Le jour se lève à pas furtifs,
l’oiseau émet un cri posthume.
Soyons ensemble dans l’orbite
du Regard qui nous dépasse,
sur ces mondes qui gravitent,
éphémères et nomades.

M’entends-tu dire adieu
à ce qui tente de nous restreindre ?
Le temps n’exerce sa tyrannie que sur les incrédules
qui emboîtent son pas.
Où finit ce qui en nous finit,
où commence ce qui ne finit pas ?
L’espérance a-t-elle pouvoir de nous tromper et de nous perdre ?
Non, mon aimé, ne faiblis pas,
toujours vers elle les yeux tournés,
comme le passeur qui guette en vain
l’horizon qui, sans cesse, se soustrait.

Si d’autres mondes se découvrent,
c’est toi encore qui apparais,
aube sur ma vie recommencée.
Je suis bien quand tes bras me tiennent et me confortent,
que je m’accepte ton enchaînée aux seules chaînes de ton désir.
Mais puis-je aspirer à me confondre
sans briser l’élan qui me porte ?
Je ne le puis et je rends grâce.

Le jour s’approprie le ciel
qui a rincé jusqu’à l’écume des nuages.
Ainsi que des expatriés,
les pieds lourds d’une marche incessante,
nous rentrons chez nous, dans notre humanité
qui ne desserre pas son embrassement.
Assumons-là, jusqu’à ce que l’outre-temps
nous soulève dans sa houle, et osons dire
ce qu’avec elle et contre elle nous devenons.

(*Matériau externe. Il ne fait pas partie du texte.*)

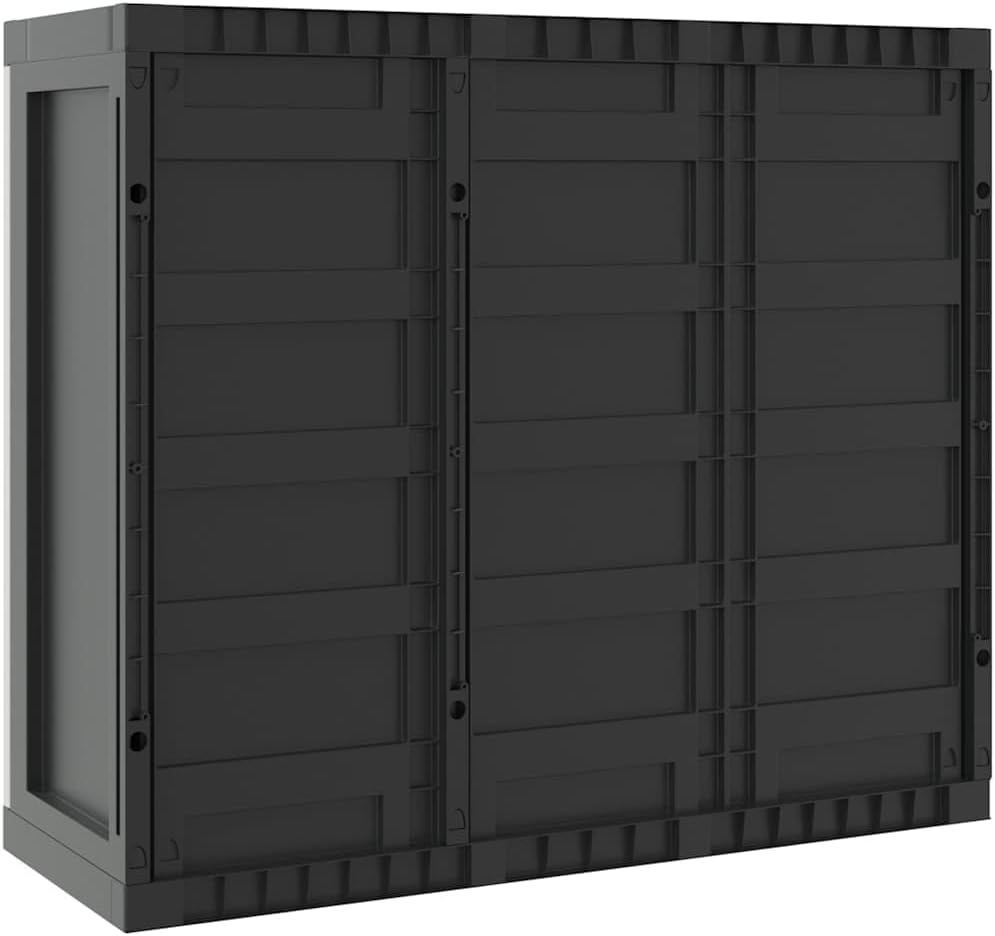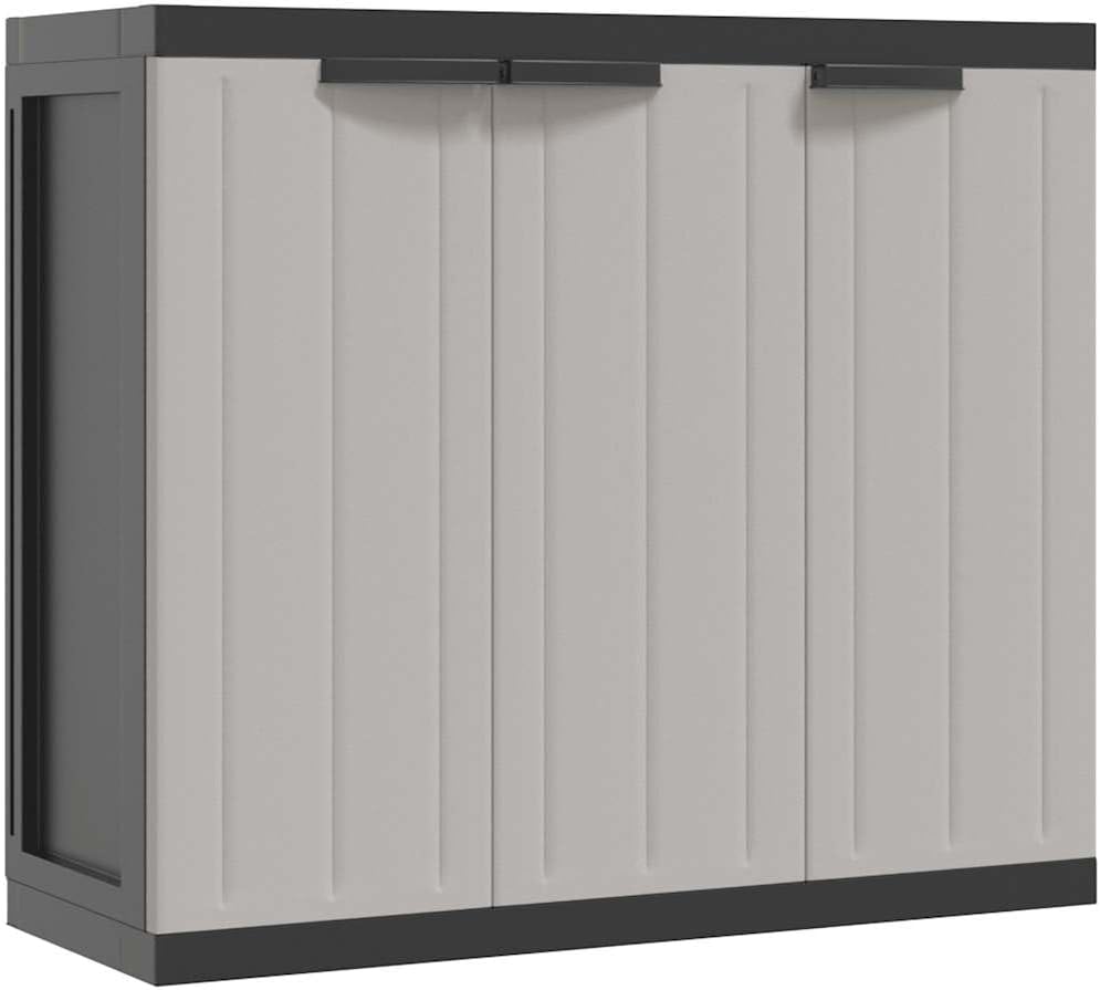 This outdoor storage cabinet is the perfect mix of style, function, and versatility, making it a top choice for anyone wanting to tidy up their outdoor spaces. With a trendy design that mixes gray and black, it not only offers plenty of storage but also enhances the look of your garden or balcony, keeping your stuff organized and attractive.
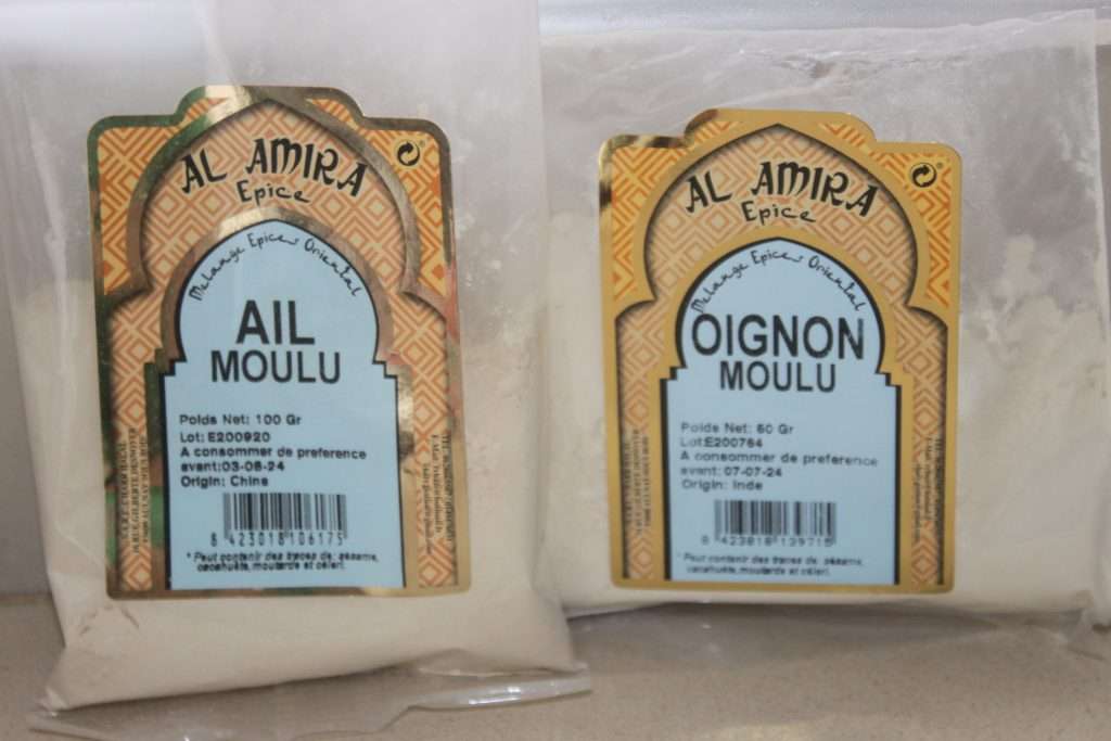 - Voici l’ail et l’oignon en poudre. Ce n’est donc pas de l’ail ou oignon en semoule !

L’éternité n’est qu’un fruit vert
et, en ce monde,
notre union ne peut aboutir,
à moins qu’en songe elle ne transgresse
la mesure invariable de l’être.
Ce sera le passage auquel nul ne déroge,
pas davantage l’homme oublieux
que les amants que l’on surprend enlacés,
tant ils craignent que l’épée du jugement ne les sépare.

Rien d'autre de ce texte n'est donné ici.